The anti-worker state

In 1834 the six Tolpuddle martyrs were transported from Britain to Australia for the “crime” of attempting to form a trade union. However, the idea of unionism spread world-wide and now, millions of workers are members of trade unions. Workers, experiencing the savage exploitation of capital know that they have to become a collective if they are to improve their living and working conditions.

But the ruling class and the employers never gave up their hostility to the organised working class, first displayed in the penalty imposed on the Tolpuddle six.

Laws were enacted to limit and control the organisations that workers formed. When workers withdrew their labour and went on strike the ferocity of the employers knows no bounds. Workers and their leaders are jailed and sometimes shot.

The collective power of workers united is always a threat to the interests of capital. Capitalists know that their profits come from the labour of workers. The more they can reduce the wages and other provisions going to workers the higher their profits.

The ongoing accumulation of private profits and successive mergers and takeovers has resulted in the formation of ever bigger companies and the giant transnational corporations that dominate whole industries, with demands to get rid of trade unions and backed by governments willing to help them achieve their aims.

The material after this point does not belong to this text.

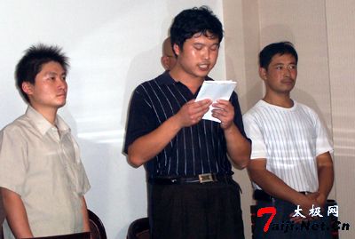 李驻军老师向新入门弟子训话 张勇、王镇等同学是在跟随李老师学拳很长时间后,经过老师考察,认为人品好又能刻苦练习太极拳,能够继承洪派艺术而被老师收为正式徒弟。收徒仪式上,李老师向新入门的弟子颁发证书并介绍了洪式的源流、发展,以及近年来所取得的成绩,鼓励他们献身太极事业,为人类健康工程做贡献! 李老师的师兄弟高富宽、马菏东、马保国、郑关中、李雷等先生作为引进师和见证人参加了收徒仪式。何淑淦先生因故未能参加这次活动,专门委派弟子荣捷宣读贺词。济南等各地洪式同门闻听信息后也纷纷来电祝贺!

The Turnbull/Abbott government is one such creature of the corporations and Employment Minister Michaela Cash is their instrument. Strikes are essentially outlawed with courts ready to order a return to work, backed by threats of heavy fines on unions and workers alike as part of a raft of anti-union laws (see “Vote for workers’ rights”).

This is the anti-worker state in action – the laws of governments, the courts to enforce the laws, the money bribes of the employers, the police to protect the employers’ interests: Let it be recalled that the army has been used in Australia – during the Miners’ strike in 1949 and later in the airlines dispute in 1989.

Employers want to return to the days when there were no unions to challenge the power and interests of capital.

The way they have gone about doing this is to introduce individual work contracts, exclude unions and eliminate any form of collective agreement. Employers are even prepared to pay a price by offering a higher wage to some, provided the worker resigns from his/her union.

Initially it might be higher wages for those who sign up, while others lose their jobs. Individual contracts leave workers on their own with no one to defend them as wages are later reduced, hours of work extended, holidays cancelled, health and safety measures abandoned.

Above all, employers fear the collective strength of the working people and BHP is out to destroy the workers’ collective now. They, of course, still need workers, but on a one-to-one basis, without organisation and without any power to defend themselves.

The workers who are standing up for the collective are the real heroes of our time. And, as the CFMEU sticker says, “It takes GUTS AND PRINCIPLES to stay collective.” Touch one, touch all.